* **Problem to solve**:
With the pictures set aside, return the lines below exactly, beginning at the first and ending at the line containing "4.第一個(gè)選項(xi".

* **Given information**:
___
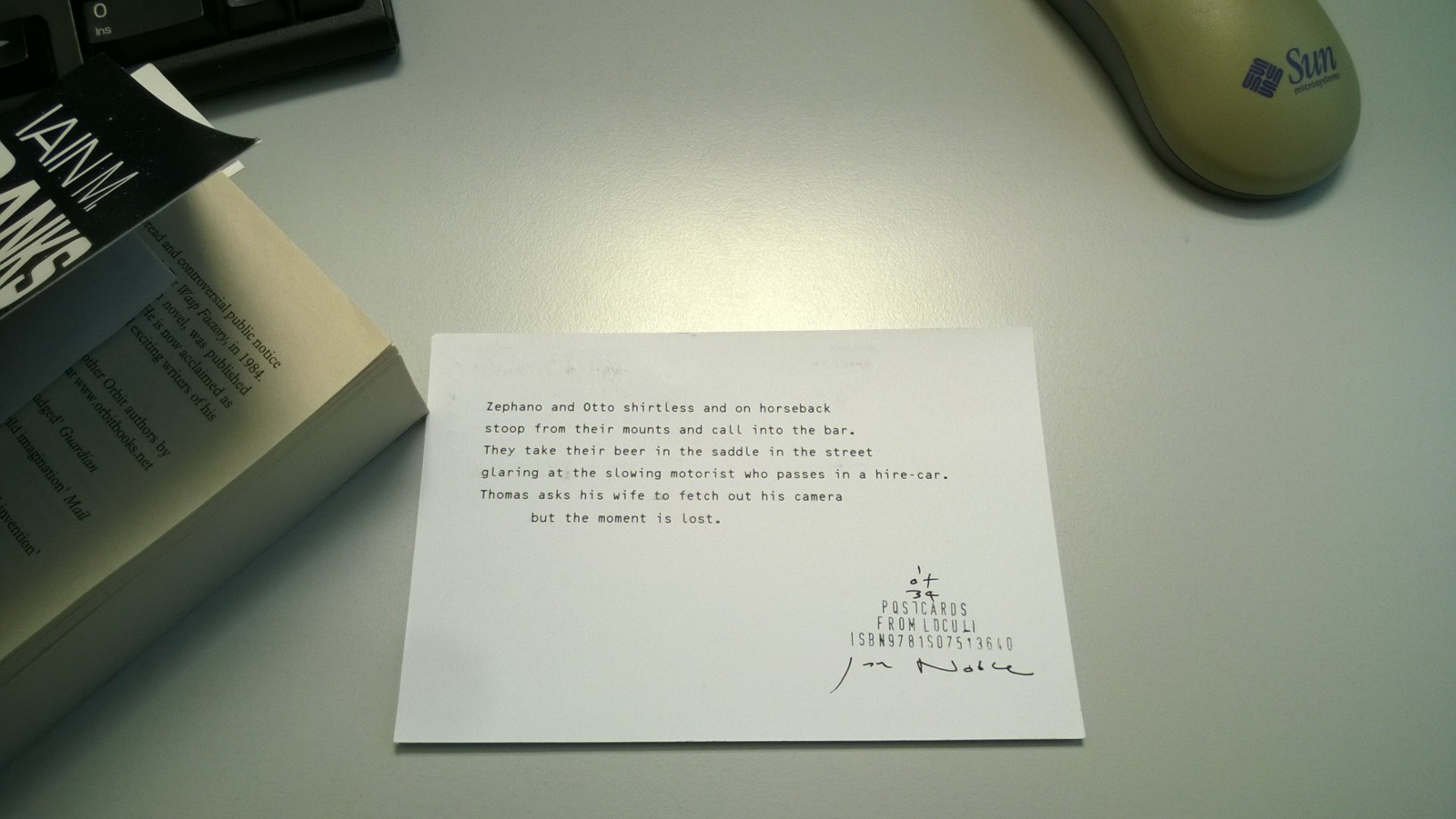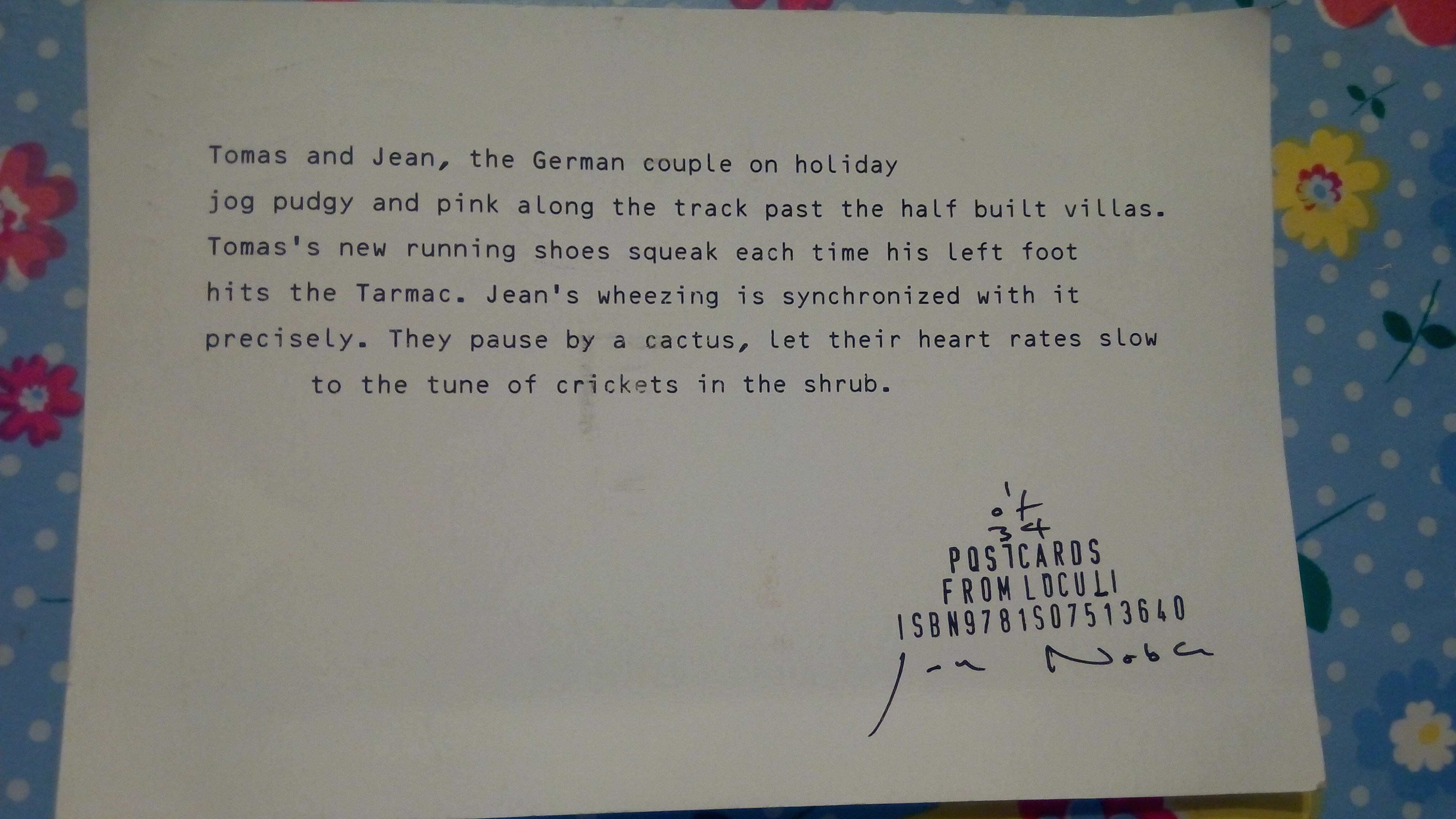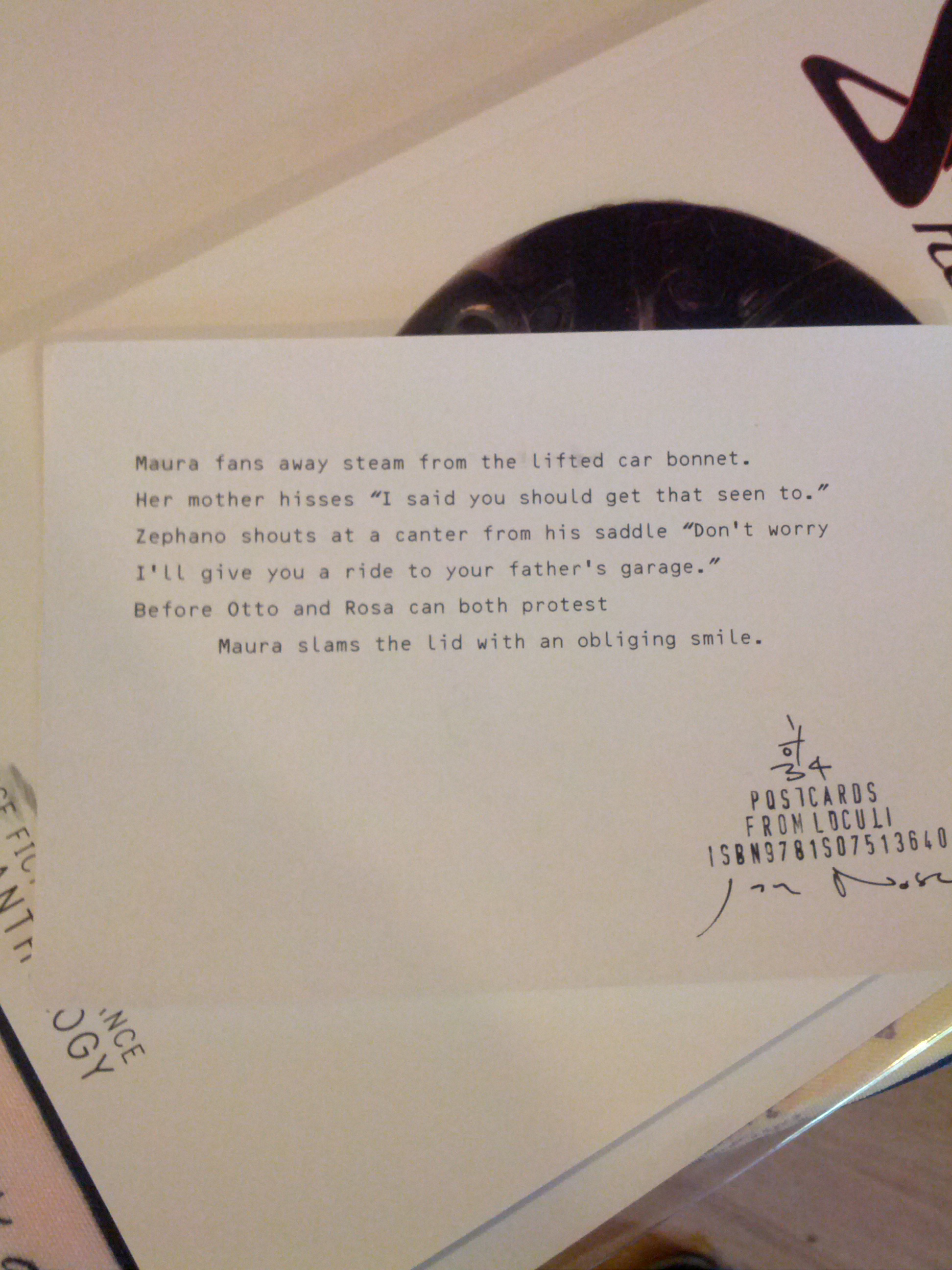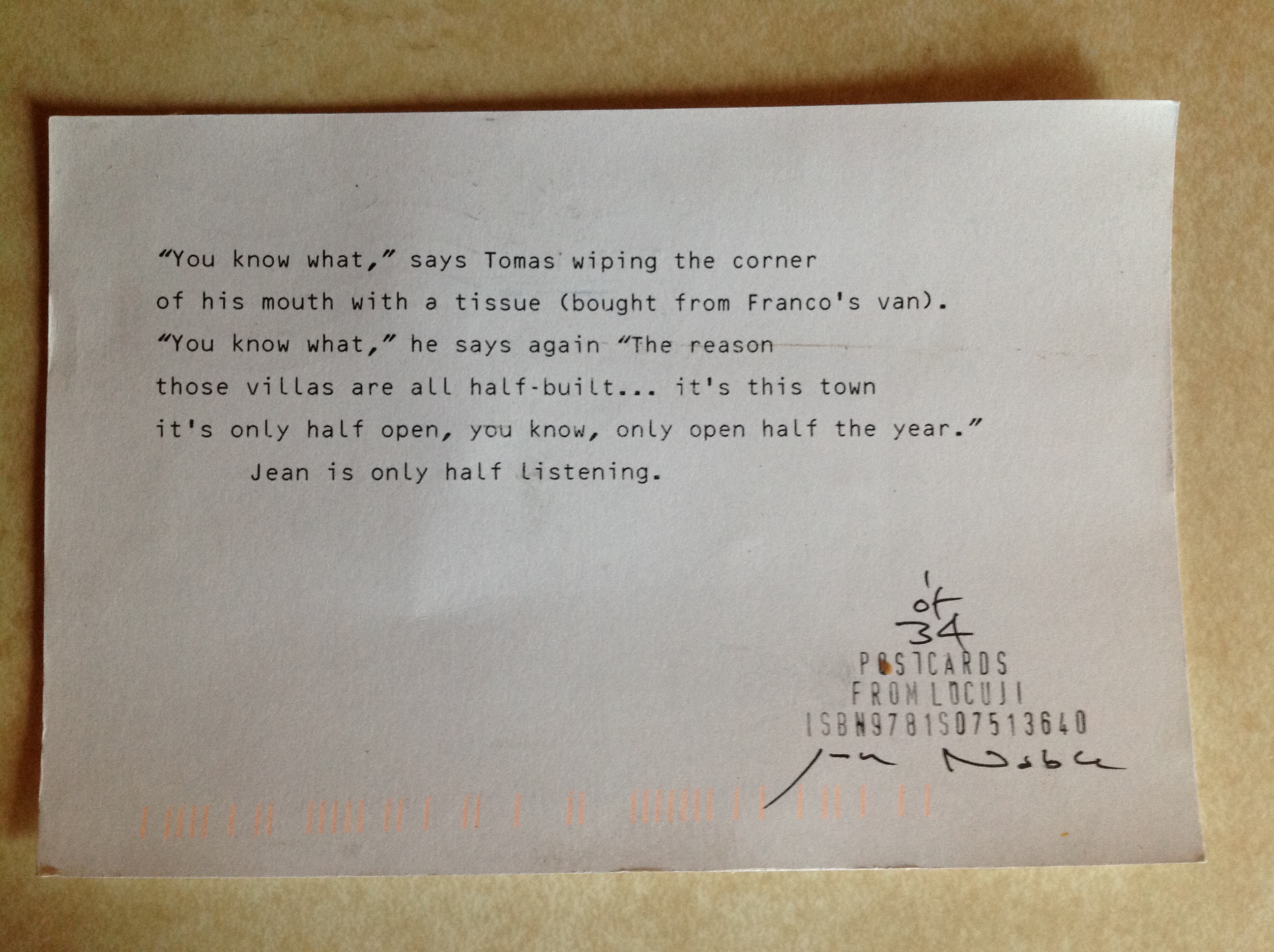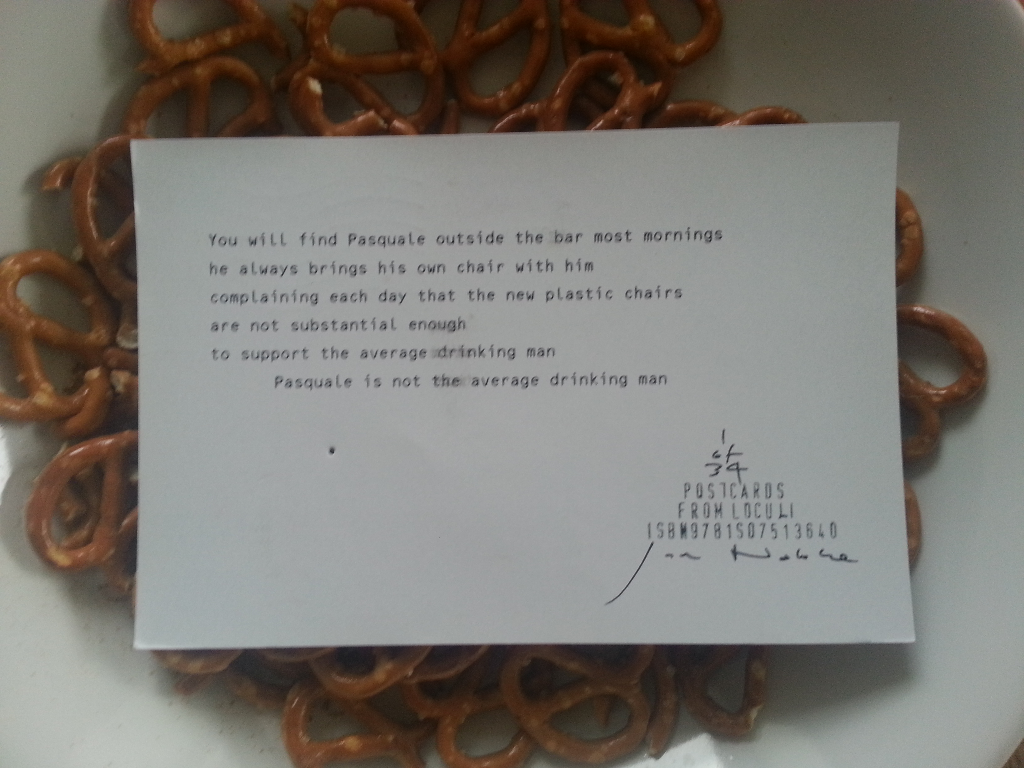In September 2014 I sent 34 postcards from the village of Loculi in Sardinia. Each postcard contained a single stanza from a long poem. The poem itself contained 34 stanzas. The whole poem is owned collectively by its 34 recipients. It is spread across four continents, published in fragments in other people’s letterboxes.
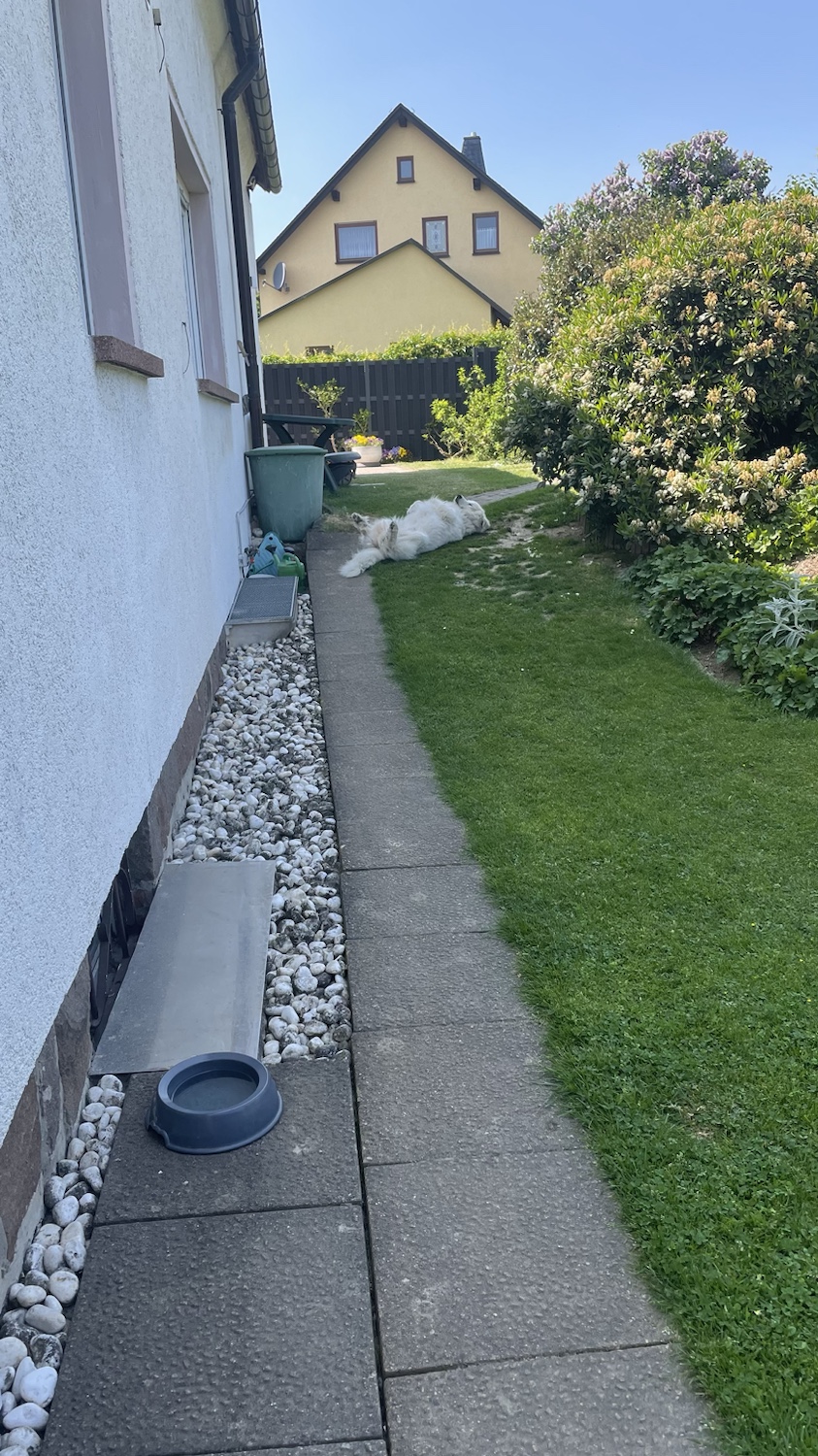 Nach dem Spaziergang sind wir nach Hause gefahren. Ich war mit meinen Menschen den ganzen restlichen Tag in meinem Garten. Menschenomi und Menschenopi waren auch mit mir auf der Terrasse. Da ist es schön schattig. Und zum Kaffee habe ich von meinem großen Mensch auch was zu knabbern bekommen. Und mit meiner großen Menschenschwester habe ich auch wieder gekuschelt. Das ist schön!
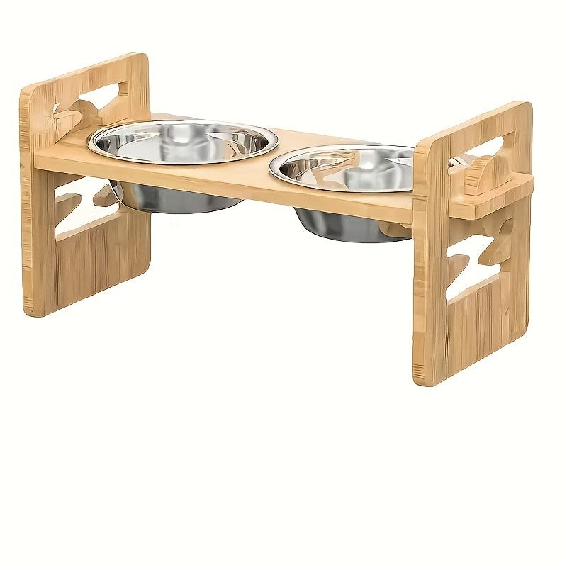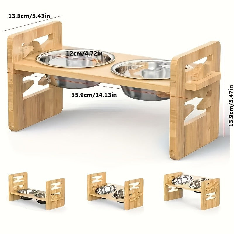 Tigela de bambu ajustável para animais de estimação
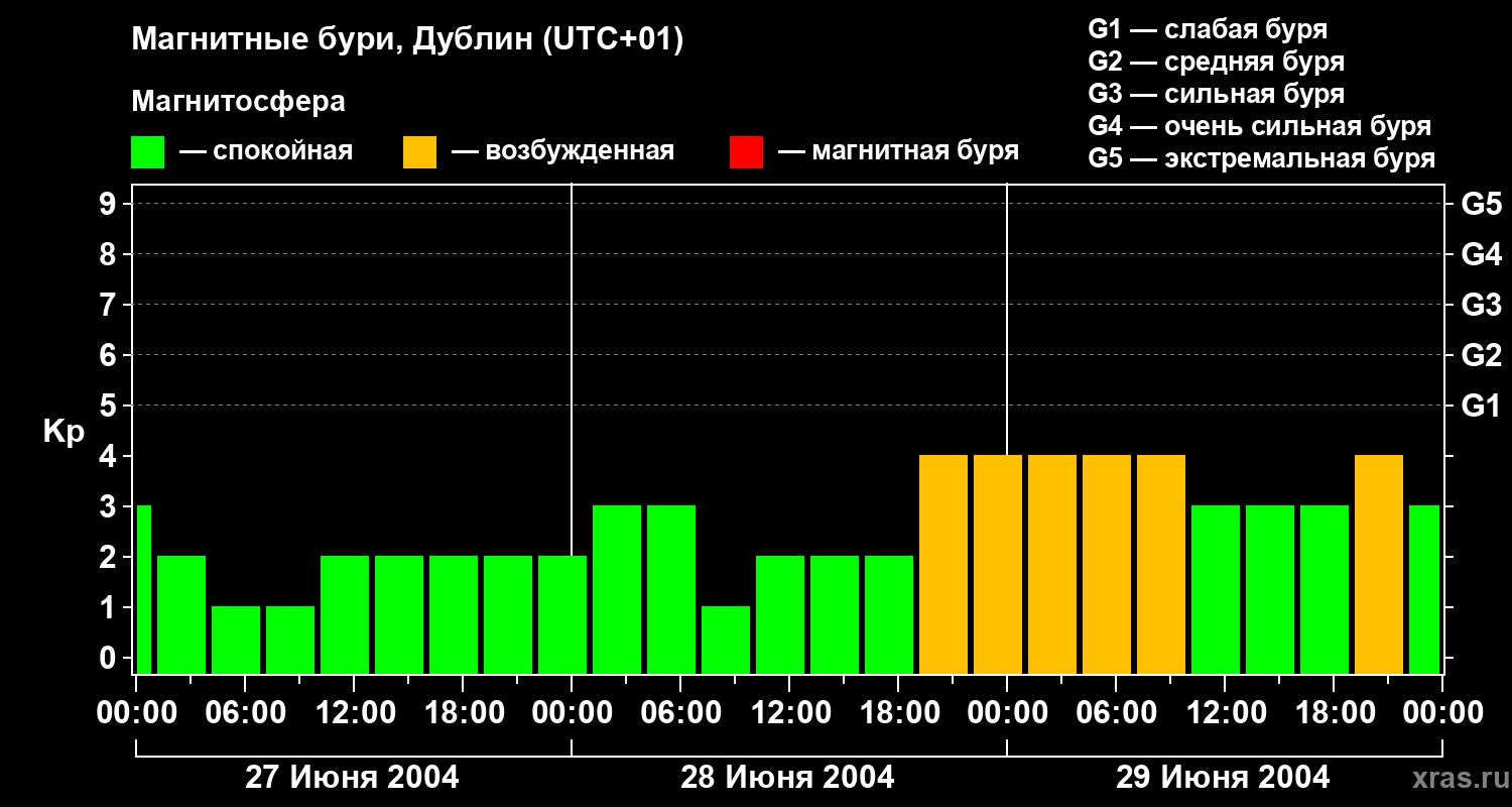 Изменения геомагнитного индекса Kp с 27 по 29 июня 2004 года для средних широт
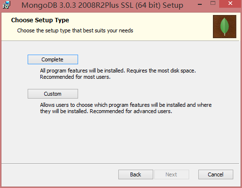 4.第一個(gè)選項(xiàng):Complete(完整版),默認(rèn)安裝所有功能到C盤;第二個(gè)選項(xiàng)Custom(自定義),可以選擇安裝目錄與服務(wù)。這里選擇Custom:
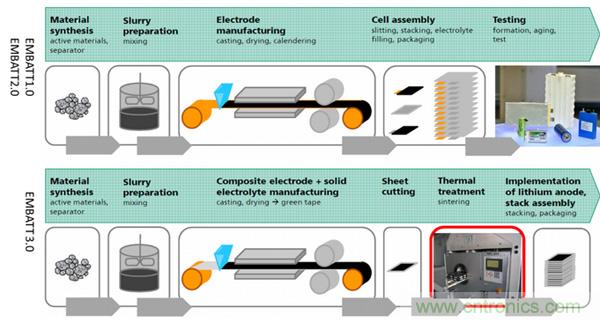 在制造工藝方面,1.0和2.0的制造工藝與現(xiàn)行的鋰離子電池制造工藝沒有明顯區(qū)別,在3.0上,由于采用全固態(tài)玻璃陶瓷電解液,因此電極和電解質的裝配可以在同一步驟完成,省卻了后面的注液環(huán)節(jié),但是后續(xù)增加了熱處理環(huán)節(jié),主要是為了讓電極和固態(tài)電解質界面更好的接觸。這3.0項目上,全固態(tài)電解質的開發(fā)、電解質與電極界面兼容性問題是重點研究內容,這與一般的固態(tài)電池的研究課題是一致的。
___
* **Output for this task**:
In September 2014 I sent 34 postcards from the village of Loculi in Sardinia. Each postcard contained a single stanza from a long poem. The poem itself contained 34 stanzas. The whole poem is owned collectively by its 34 recipients. It is spread across four continents, published in fragments in other people’s letterboxes.
 Nach dem Spaziergang sind wir nach Hause gefahren. Ich war mit meinen Menschen den ganzen restlichen Tag in meinem Garten. Menschenomi und Menschenopi waren auch mit mir auf der Terrasse. Da ist es schön schattig. Und zum Kaffee habe ich von meinem großen Mensch auch was zu knabbern bekommen. Und mit meiner großen Menschenschwester habe ich auch wieder gekuschelt. Das ist schön!
 Tigela de bambu ajustável para animais de estimação
 Изменения геомагнитного индекса Kp с 27 по 29 июня 2004 года для средних широт
 4.第一個(gè)選項(xiàng):Complete(完整版),默認(rèn)安裝所有功能到C盤;第二個(gè)選項(xiàng)Custom(自定義),可以選擇安裝目錄與服務(wù)。這里選擇Custom:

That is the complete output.